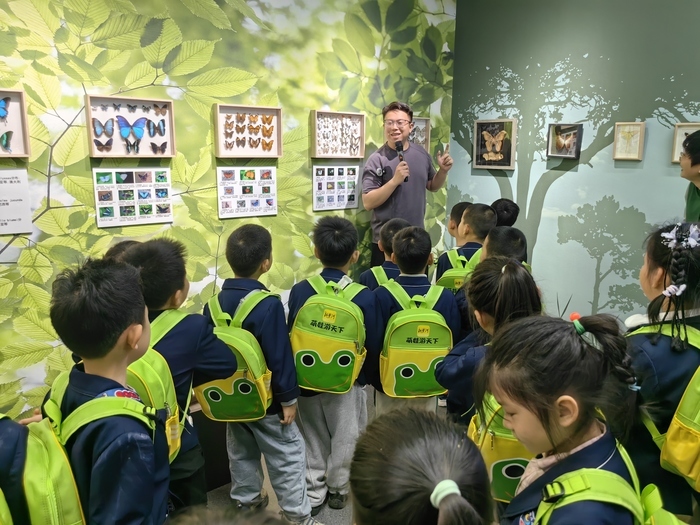 随后,孩子们在老师的带领下分批走进科普馆,开启新一轮科普探索。“飞羽奇遇” 展区的鸟类标本与生态造景,宛如鸟类的童话世界;“森域奇境”“莽原之息” 展区,又让大家领略到北方森林的生机与草原动物的灵动。最热闹的要数 “探秘昆虫世界” 活动,科普老师抛出问题,孩子们总能踊跃抢答。从 “昆虫有六条腿”,到知道工蚁是蚂蚁家族的 “超级保姆”,一个个知识点在欢声笑语中,悄悄在孩子们心里种下了科学的种子。馆内数十种昆虫标本,既有济南本地常见种类,也有来自世界各地的奇特品种,孩子们争相提问、积极互动,收获满满。
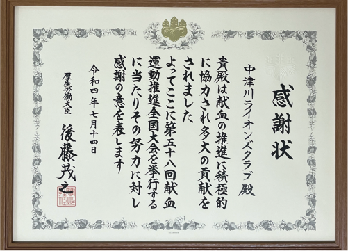 1989年には、日本赤十字社が創設した第1回献血推 進賞を受賞しました。
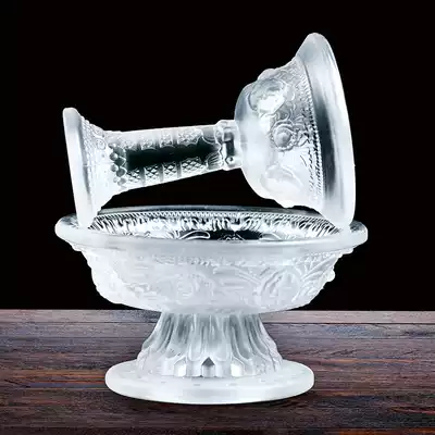 Crystal glass eight Auspicious Hair care cup Offering cup Tibetan Buddhist utensils and utensils White offering cup height 13 5cm
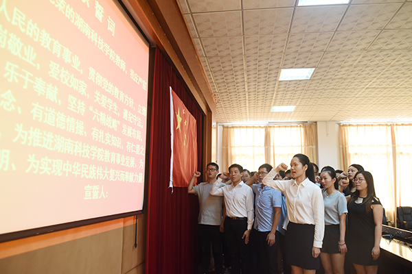 陈弘殷切地说,大家要牢记教师崇高的使命与肩上承担的责任。他对新进教师提出四点期待:第一,要始终牢记习近平总书记对我国高等教育提出的“四个服务”的要求,要把对中国共产党的拥护、对社会主义制度的维护体现到课堂中去,体现到教书育人的每一个环节中。第二,教育是做人的工作,要满怀激情,对教育事业要有发自内心的热爱。他希望大家努力成为职业优秀教师,对事业忠诚、有坚定不移地目标。第三,要共同打造好学校这个大家事业的共同平台。要常怀感恩之心,通过大家的努力把这个平台不断扩大、筑高,要满怀爱心、真心、诚心搞好教育,要与国家、与学校同呼吸、共命运,以强烈的使命感、责任感投身教育事业。第四,要鼓励干实事的人、尊重有本事的人、关心有心事的人。学校一定会关心、爱护、鼓励踏踏实实付出的人,竭尽全力为大家教书育人、工作学习创造良好的环境。
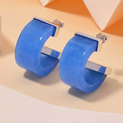 These blue jade half-hoop earrings are a bold statement of sophistication and style. Featuring a smooth, vibrant blue jade stone, these earrings bring a pop of blue colour and elegance to any look. The sterling silver setting with rhodium overlay enhances the durability and shine, ensuring lasting beauty and a luxurious finish. With a generous 42.00 ct. weight, these half-hoops create a unique, contemporary appeal while being comfortable for extended wear. Jade is often associated with harmony and balance, making these earrings a meaningful addition to your collection.

════════

All lines from the one bearing "1989年には、日本赤十字社が創設した第1回献血推 進賞を受賞しました。" through the last line of the records, and only those, should be duplicated exactly; no picture belongs in the copy.

 1989年には、日本赤十字社が創設した第1回献血推 進賞を受賞しました。
 Crystal glass eight Auspicious Hair care cup Offering cup Tibetan Buddhist utensils and utensils White offering cup height 13 5cm
 陈弘殷切地说,大家要牢记教师崇高的使命与肩上承担的责任。他对新进教师提出四点期待:第一,要始终牢记习近平总书记对我国高等教育提出的“四个服务”的要求,要把对中国共产党的拥护、对社会主义制度的维护体现到课堂中去,体现到教书育人的每一个环节中。第二,教育是做人的工作,要满怀激情,对教育事业要有发自内心的热爱。他希望大家努力成为职业优秀教师,对事业忠诚、有坚定不移地目标。第三,要共同打造好学校这个大家事业的共同平台。要常怀感恩之心,通过大家的努力把这个平台不断扩大、筑高,要满怀爱心、真心、诚心搞好教育,要与国家、与学校同呼吸、共命运,以强烈的使命感、责任感投身教育事业。第四,要鼓励干实事的人、尊重有本事的人、关心有心事的人。学校一定会关心、爱护、鼓励踏踏实实付出的人,竭尽全力为大家教书育人、工作学习创造良好的环境。
 These blue jade half-hoop earrings are a bold statement of sophistication and style. Featuring a smooth, vibrant blue jade stone, these earrings bring a pop of blue colour and elegance to any look. The sterling silver setting with rhodium overlay enhances the durability and shine, ensuring lasting beauty and a luxurious finish. With a generous 42.00 ct. weight, these half-hoops create a unique, contemporary appeal while being comfortable for extended wear. Jade is often associated with harmony and balance, making these earrings a meaningful addition to your collection.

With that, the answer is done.